3. Мэри Нордлингер [Версаль, 7 декабря, 1906, пятница, вечер]
Милая, милая, милая, милая Мэри!
Прежде всего, говорил ли вам Рейнальдо, что я послал письмо, а потом «Сезам» в странное место по странному адресу, где, как я ему и сказал, "Детройт — название города, не правда ли? Авеню — название провинции? Озеро Онтарио — название страны?" Но ответа я так и не получил и понимаю, что ничего не дошло, поскольку вы спрашиваете: "А что 'Сезам'?" Прилагаю его к этому ответу.
Милый друг, как вы близки моему сердцу и как мало повредил этой близости ваш отъезд! Я всегда вспоминаю о вас с теплотой и неизменной тоской по прошлому. В моей разграбленной жизни, в моем разбитом сердце по-прежнему есть место для нежности к вам.

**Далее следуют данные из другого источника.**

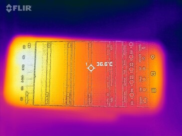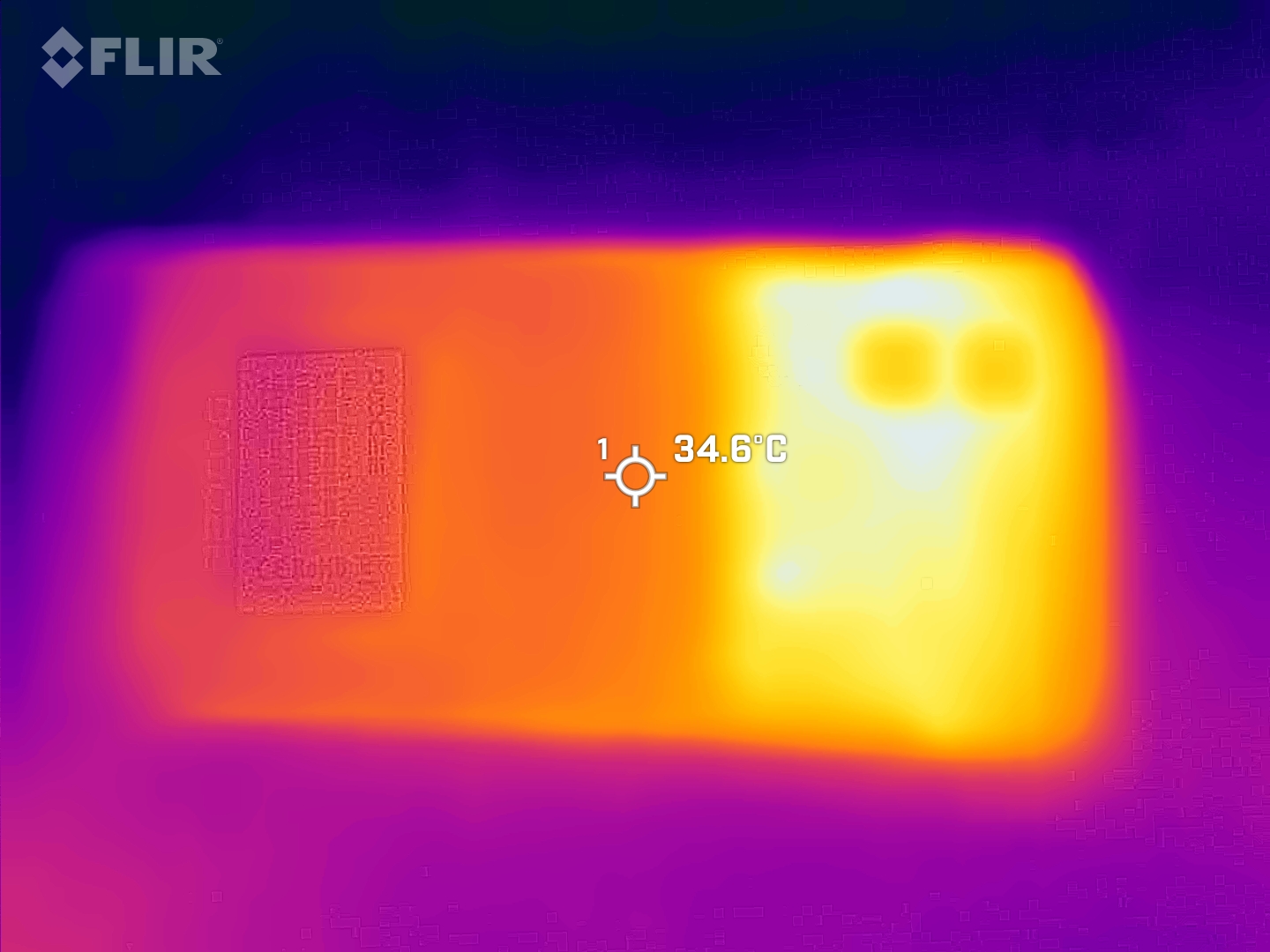 (-) Auf der Unterseite messen wir eine maximalen Wert von 45.4 °C (im Vergleich zum Durchschnitt von 34 °C).

Милый друг, разрешите сказать в двух словах банальную вещь. Вы потому до сих пор не получили никакого гонорара за «Сезам», что журнал, в котором он был сперва опубликован, прогорает и до сих пор никому не заплатил. А "Меркюр де Франс", издательство, в котором вышла книга, заплатит, когда разойдется достаточно экземпляров. Если вы пожелаете, чтобы я вам выслал деньги авансом, я сразу же это сделаю без малейших затруднений: вы знаете, что, увы, мне больше не перед кем отчитываться в моих тратах. Вы, как я понимаю, в Манчестере. Я вот уже четыре месяца в Версале. Хотя можно ли сказать, что я в Версале? Приехав сюда, я слег и уже не вставал, ни разу не съездил ни в Шато, ни в Трианон — никуда, и просыпаюсь только поздней ночью, так что понятия не имею, в Версале я или еще где. Я уже собирался вернуться в Париж, однако у меня вышли неприятности с жильем, началось судебное дело, и с октября я снял другую квартиру, но пока не могу в нее въехать. И тем не менее если вы мне напишете в отель «Резервуар», где я сейчас, или на улицу Курсель, 45, где я впал в безысходное отчаяние, видя, что оставаться там невозможно из-за непомерно высокой арендной платы, то любезная консьержка перешлет мне письмо от Мэри сюда или на бульвар Осман, 102, где находится квартира, которую я снял, но в которой до сих пор жить нельзя, — и я получу вашу весточку. Если я буду слишком утомлен и не отвечу, надеюсь, вы меня простите. Но постараюсь ответить. Работаете ли вы? Я — нет. Я навсегда закрыл эру переводов, которые поощряла мама. А на переводы из самого себя больше не отваживаюсь. Видели ли вы в Америке что-нибудь красивое? С какой стати вам вздумалось возвращать мне учебничек? Если бы я выходил из дому в дневное время, я бы хотел посмотреть это египетское и ассирийское искусство, оно мне кажется и впрямь прекрасным. Продает ли г-н Бинг египетские, ассирийские и готические штучки? Как поживают ваши родные? Как поживает тетушка? Поклонитесь ей от меня, она осталась у меня в памяти как один из любопытнейших "камней Венеции". Ничто не могло смягчить, ничто не могло поколебать ее несгибаемых принципов. Но до чего она мне нравилась, и как она, судя по всему, вас любит! Она для меня олицетворяет "Утра в Венеции", и пускай я никогда их не видел, зато ваша тетушка для меня — воплощение "ранней пташки", женщины, которая не знает, что такое залеживаться в постели по утрам. Я по-прежнему много и постоянно о вас думаю, милый друг, и никогда не перестану. Целую ваши руки с чувством бесконечной дружбы.
Марсель Пруст.
Комментарий
Письмо написано на почтовой бумаге с широкой траурной каймой: незадолго до этого Пруст потерял мать, несколько раньше умер отец. Несмотря на трения, а подчас и серьезные конфликты, о которых говорилось выше, Пруст относился к родителям, особенно к матери, с искренней любовью, и эта потеря была для него ударом, от которого он не сразу оправился. Со смертью матери связана и необходимость переезда, и свобода обращения с деньгами, о чем идет речь дальше.